The Parent Trap


A minimum of 412 times in my life, I have believed I am the result of a long discarded and forgotten attempt at human cloning. One look at a picture of my folks and you’ll understand why. But there are subtler signs. My mum grew into her fear of flying around the age I am when I’m becoming more wary of getting into a massive metal box that seems to become airborne only by default, as opposed to actual physics. My dad toyed with his creativity for a few years while he flitted from job to job in a way that’s frighteningly similar to my own.  My mum’s excuse that ‘that wasn’t how she meant it’ is starting to make sense. Sometimes, my dad’s face actually takes control of mine. I fear I’m not the only one.

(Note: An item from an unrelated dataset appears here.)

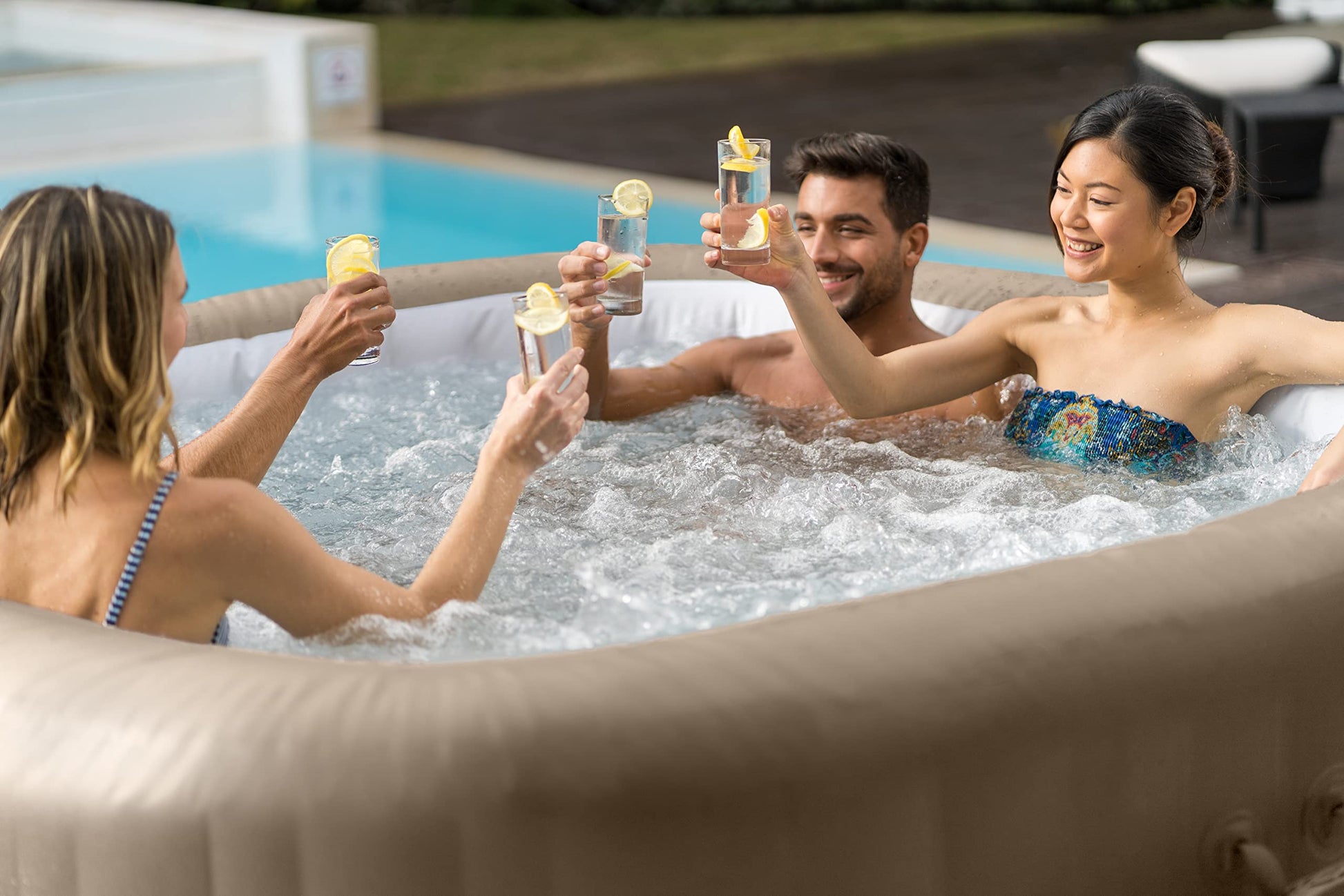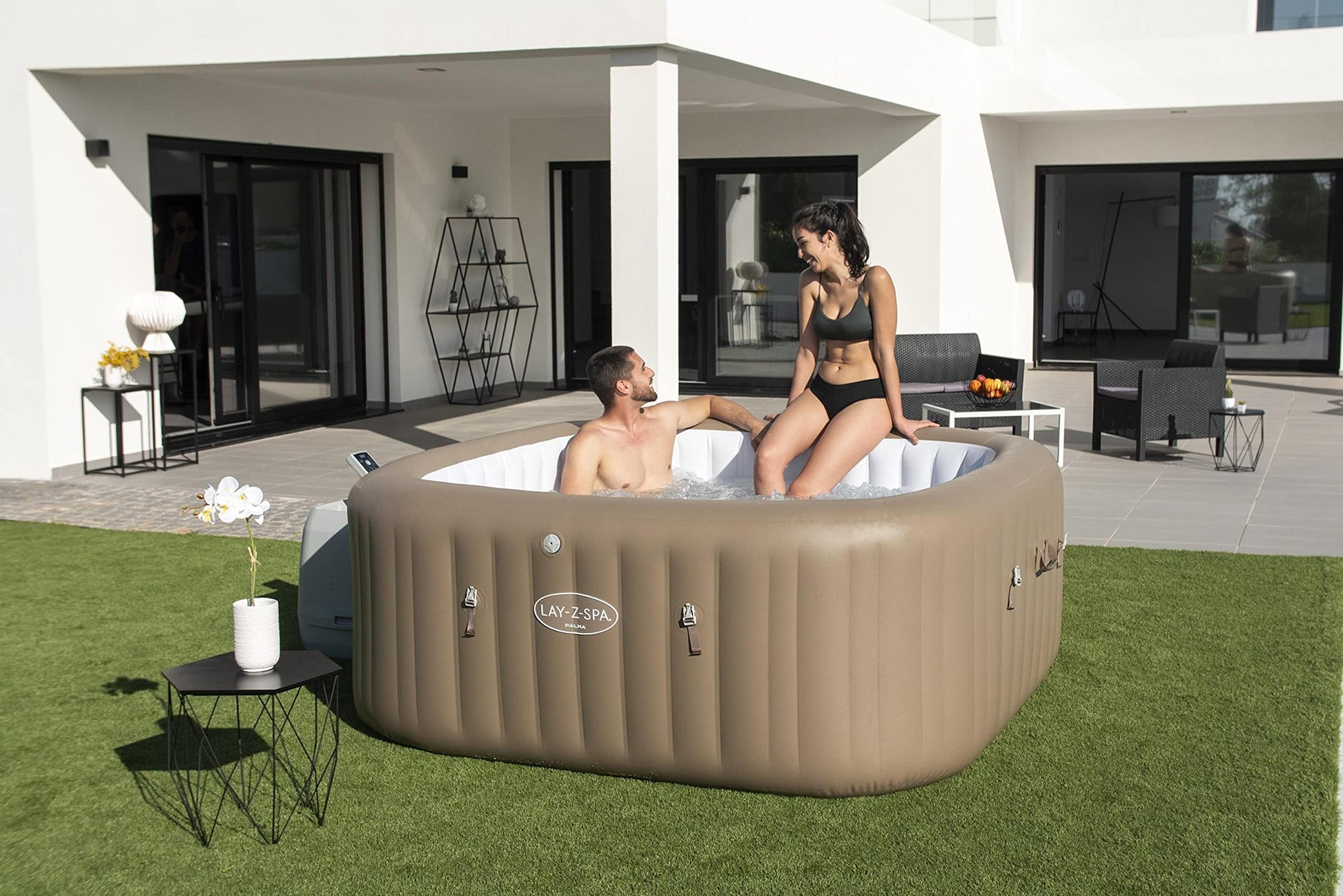 - Lay-Z-Spa Palma Luxury Hot Tub | 8 HydroJet Pro Massage System | Inflatable Spa | LED Lights | Built-In Seats | Foot Massager | Freeze Shield Technology | 5-7 Person -
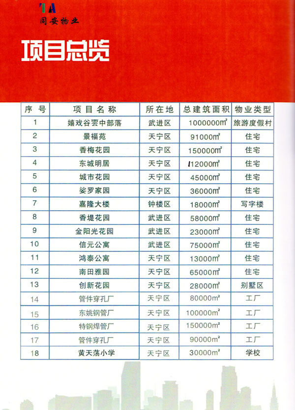 常州市同安物業(yè)管理有限公司注冊1999年,發(fā)展至今已有多年歷史,本公司坐落于美麗的龍城常州,秉承“融聚無限未來”的核心理念,融專業(yè)認才,匯優(yōu)質(zhì)資源以”專心,細心,耐心”的服務態(tài)度,為客戶打造“安心,順心,稱心”的服務感受。 公司始終以“打造中國最值得信賴和最值得尊重的物業(yè)管理服務集成商”為愿景自我鞭策,不斷前行。同安物業(yè)以客戶滿意為終極目標,不斷加強”崗位資格認證能力,人才招聘與職業(yè)化培訓能力,產(chǎn)品策劃與管理設(shè)計能力,品質(zhì)監(jiān)督與管控能力,技術(shù)更新與運營優(yōu)化力“五大專業(yè)能力的培養(yǎng)和提升,實現(xiàn)“精品化管理,專業(yè)化服務”。 公司發(fā)展至今,員工總數(shù)近千余人,大專以上學歷200多人,中高級技術(shù)人員160人,維修人員140人,物業(yè)管理師80名,公司接管面積達3100000多平方米,設(shè)涉及住宅小區(qū),別墅,大型游樂場,公園,醫(yī)院,廠區(qū),商業(yè)等。公司的工作管理逐步導入ISO9001質(zhì)量體系和ISO4001環(huán)境管理體系和GB/T28001職業(yè)健康安全管理體系,嚴格按照質(zhì)量體系的標準執(zhí)行。

The worst thing you can say to a person is that they’re becoming their parents. Our oh-so-observant, smart-arse childhoods are spent watching these people live their lives and make their mistakes. We slowly realise that they are just human not the omniscient, omnipotent beings we thought, and we tear them apart for it. We are determined not to be like them. They did the best they could, but we’re sure we can do better.

Should we be afraid of the slow creep of genetics that wrests our selves into the mould of our DNA? Or should we embrace it, grasp the opportunity to realise our parents’ mistakes and fix them? Is this what gives us the edge in the survival of the fittest, the chance to take the best of what we’ve been given and fight our damnedest against the bit that forgot you once in the supermarket?